BERTopic Can we have NounPhrases\ KeyPhrases as ngrams (maybe using KeyBert) instead of CountVectorizer ngrams?

Hi Maarten,

This is similar to #139 but slightly different, can we have more meaningful ngrams as top_n_words in topics, so instead of using CountVectorizer can we not use KeyBert to generate NounPhrases/ keyPhrases and use them as ngrams to represent the topics?

Thank you in advance.

--hubgitadi

Jul 25 '22 06:07 hubgitadi

The main difficulty here is that KeyBERT uses quite a different procedure from BERTopic and merging them would require some significant changes to both procedures.

Using KeyBERT directly, in place of c-TF-IDF, will likely result in overestimating representations since it then imitates, to a certain extent, centroid-based extraction whilst we are using a density-based clustering technique.

One thing that is in line with how both BERTopic and KeyBERT work is that you can use KeyBERT to generate candidate words/phrases for each document.
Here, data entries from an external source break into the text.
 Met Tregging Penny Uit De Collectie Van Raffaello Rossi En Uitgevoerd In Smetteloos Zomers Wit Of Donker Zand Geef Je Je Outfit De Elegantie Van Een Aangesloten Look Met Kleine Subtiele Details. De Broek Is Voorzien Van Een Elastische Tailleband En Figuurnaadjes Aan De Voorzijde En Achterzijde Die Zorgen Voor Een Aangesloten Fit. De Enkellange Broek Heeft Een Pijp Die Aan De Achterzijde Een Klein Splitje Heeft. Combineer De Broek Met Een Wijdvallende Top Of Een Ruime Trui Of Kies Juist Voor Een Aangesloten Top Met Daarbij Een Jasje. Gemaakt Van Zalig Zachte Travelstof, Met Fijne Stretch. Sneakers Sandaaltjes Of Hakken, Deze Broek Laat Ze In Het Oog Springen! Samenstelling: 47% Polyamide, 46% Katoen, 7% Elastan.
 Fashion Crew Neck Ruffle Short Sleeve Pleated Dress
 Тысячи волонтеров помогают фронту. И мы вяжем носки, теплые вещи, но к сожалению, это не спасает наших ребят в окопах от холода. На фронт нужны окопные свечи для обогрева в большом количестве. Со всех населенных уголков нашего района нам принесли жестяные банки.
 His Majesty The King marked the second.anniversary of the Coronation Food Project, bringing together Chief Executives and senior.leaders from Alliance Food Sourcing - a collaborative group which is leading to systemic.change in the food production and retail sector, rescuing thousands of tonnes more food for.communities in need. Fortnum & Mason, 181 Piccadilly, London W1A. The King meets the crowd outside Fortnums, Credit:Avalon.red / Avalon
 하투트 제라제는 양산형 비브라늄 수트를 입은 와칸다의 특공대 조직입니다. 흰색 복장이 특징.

Then, we could use c-TF-IDF to calculate the topic representations. This prevents centroid-based techniques at a topic level but does use it on a document level, which might be a bit more ideal.
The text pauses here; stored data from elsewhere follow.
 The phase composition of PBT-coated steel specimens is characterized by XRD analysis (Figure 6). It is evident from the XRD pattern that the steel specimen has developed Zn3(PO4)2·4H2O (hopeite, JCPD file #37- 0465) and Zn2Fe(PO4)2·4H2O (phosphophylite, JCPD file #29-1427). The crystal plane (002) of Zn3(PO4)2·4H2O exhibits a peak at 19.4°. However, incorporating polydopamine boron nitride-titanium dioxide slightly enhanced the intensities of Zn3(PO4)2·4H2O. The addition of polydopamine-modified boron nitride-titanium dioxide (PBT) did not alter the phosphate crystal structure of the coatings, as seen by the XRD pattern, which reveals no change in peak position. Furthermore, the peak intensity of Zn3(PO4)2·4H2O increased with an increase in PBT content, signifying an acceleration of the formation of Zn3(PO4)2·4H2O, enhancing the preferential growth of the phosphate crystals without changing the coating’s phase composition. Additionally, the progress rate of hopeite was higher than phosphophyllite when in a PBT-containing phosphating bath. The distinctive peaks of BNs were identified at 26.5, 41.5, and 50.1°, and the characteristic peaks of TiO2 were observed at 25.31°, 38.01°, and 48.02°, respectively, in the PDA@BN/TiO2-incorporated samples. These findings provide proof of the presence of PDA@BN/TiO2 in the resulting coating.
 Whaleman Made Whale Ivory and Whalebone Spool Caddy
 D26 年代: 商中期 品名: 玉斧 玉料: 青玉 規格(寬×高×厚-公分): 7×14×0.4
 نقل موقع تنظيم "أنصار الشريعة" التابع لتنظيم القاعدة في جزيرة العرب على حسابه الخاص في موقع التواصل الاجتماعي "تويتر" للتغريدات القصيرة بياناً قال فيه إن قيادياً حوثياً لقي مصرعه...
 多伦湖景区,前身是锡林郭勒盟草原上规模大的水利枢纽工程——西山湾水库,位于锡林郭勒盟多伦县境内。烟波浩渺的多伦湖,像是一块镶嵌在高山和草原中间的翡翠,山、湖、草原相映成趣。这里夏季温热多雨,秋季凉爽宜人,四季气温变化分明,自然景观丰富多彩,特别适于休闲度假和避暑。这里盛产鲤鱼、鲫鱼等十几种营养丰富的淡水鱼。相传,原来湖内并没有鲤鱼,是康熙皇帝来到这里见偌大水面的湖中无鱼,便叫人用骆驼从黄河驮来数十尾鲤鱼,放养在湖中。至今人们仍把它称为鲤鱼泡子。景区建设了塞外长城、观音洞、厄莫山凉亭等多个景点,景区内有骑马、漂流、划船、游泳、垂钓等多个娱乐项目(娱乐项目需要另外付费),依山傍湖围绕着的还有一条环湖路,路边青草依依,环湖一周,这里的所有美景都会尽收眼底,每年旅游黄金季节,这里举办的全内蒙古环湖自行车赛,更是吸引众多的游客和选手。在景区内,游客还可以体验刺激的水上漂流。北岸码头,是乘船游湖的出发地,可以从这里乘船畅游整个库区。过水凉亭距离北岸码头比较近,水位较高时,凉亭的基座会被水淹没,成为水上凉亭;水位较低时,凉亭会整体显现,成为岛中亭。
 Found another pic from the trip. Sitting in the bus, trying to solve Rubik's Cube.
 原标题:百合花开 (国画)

In other words, you would have to perform the following:

Use KeyBERT to extract the keywords for each document
Convert all keywords to a single, flat list of candidate words that can be used in BERTopic
- This list will serve as the vocabulary of the CountVectorizer
Pass that list to a custom CountVectorizer: CountVectorizer(vocabulary=my_vocab)

I have not tested it out but it would be something like this:

# Extract candidates
keywords = kw_model.extract_keywords(doc)
flat_keywords = [k[0] for keyword in keywords for k in keyword]
flat_keywords = list(set(flat_keywords))

# Pass to BERTopic
vectorizer_model= CountVectorizer(vocabulary=flat_keywords)
topic_model = BERTopic(vectorizer_model=vectorizer_model)

Jul 25 '22 09:07 MaartenGr

Lovely, this would be an amazing thing to try.... let me try this and get back to you. Thank you for your prompt response.

Jul 25 '22 09:07 hubgitadi

Thank you Maarten, this is working. I am still analyzing the results, will keep you posted on this.

Aug 12 '22 07:08 hubgitadi